== DATA PROVIDED ==

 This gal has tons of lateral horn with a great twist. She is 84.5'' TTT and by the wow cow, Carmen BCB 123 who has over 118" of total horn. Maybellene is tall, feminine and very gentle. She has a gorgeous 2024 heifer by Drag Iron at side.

===
== DATA PROVIDED ==

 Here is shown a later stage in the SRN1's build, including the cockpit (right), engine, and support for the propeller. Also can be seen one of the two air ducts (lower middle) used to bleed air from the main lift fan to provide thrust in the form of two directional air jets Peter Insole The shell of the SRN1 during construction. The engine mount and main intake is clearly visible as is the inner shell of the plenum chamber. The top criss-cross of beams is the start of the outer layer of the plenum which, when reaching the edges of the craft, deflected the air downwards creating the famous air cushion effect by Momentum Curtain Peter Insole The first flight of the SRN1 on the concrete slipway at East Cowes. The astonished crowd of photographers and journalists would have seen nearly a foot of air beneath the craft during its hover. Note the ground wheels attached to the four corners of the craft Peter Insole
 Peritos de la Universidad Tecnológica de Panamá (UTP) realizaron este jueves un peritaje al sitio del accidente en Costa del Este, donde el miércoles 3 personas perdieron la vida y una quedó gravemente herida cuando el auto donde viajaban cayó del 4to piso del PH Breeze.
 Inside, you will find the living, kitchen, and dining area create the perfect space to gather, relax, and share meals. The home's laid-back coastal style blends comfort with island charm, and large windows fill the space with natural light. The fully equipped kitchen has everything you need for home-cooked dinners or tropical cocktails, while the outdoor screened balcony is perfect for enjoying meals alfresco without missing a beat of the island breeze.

===
== DATA PROVIDED ==

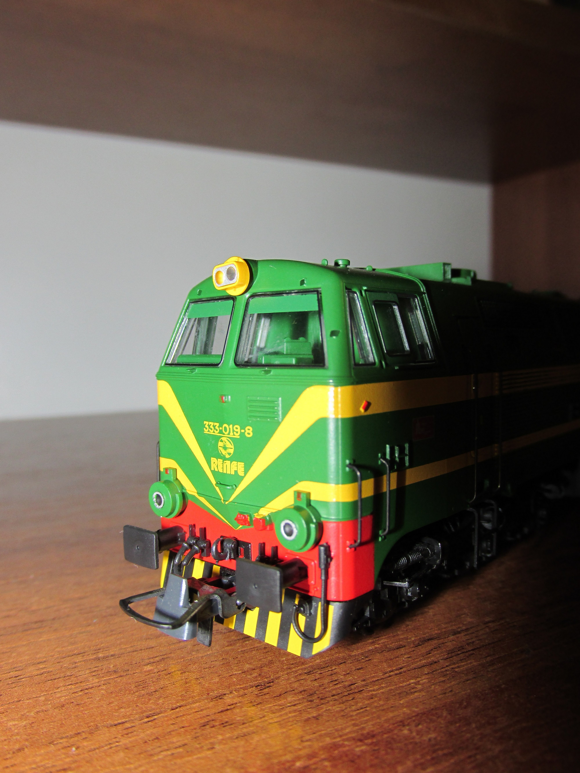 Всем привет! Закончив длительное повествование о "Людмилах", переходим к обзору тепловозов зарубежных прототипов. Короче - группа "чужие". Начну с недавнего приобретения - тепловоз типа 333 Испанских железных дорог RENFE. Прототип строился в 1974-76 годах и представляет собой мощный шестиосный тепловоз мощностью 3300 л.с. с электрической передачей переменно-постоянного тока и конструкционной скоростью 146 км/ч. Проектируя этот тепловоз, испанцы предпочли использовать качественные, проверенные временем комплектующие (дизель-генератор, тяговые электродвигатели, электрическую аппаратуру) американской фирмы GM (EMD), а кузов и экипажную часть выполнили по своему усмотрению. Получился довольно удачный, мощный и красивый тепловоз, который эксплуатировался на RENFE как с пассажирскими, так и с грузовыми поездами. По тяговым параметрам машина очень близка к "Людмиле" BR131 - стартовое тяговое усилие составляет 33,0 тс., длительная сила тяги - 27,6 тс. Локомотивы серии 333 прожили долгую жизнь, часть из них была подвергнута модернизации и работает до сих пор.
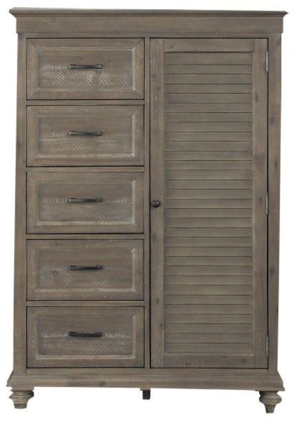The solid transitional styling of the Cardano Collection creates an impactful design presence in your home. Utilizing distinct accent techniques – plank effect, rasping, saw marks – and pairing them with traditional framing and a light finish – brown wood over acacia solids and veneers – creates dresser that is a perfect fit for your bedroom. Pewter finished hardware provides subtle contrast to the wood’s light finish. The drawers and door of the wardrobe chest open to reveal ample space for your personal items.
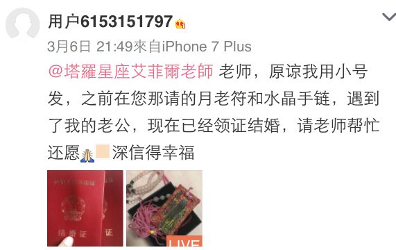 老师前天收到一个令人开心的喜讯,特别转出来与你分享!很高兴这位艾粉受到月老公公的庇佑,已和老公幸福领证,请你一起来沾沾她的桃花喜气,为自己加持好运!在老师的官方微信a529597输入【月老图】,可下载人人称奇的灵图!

===

Using the data above, repeat exactly the lines that begin at the line with "Peritos de la" and end at the line with "Inside, you will", both ends included.

 Peritos de la Universidad Tecnológica de Panamá (UTP) realizaron este jueves un peritaje al sitio del accidente en Costa del Este, donde el miércoles 3 personas perdieron la vida y una quedó gravemente herida cuando el auto donde viajaban cayó del 4to piso del PH Breeze.
 Inside, you will find the living, kitchen, and dining area create the perfect space to gather, relax, and share meals. The home's laid-back coastal style blends comfort with island charm, and large windows fill the space with natural light. The fully equipped kitchen has everything you need for home-cooked dinners or tropical cocktails, while the outdoor screened balcony is perfect for enjoying meals alfresco without missing a beat of the island breeze.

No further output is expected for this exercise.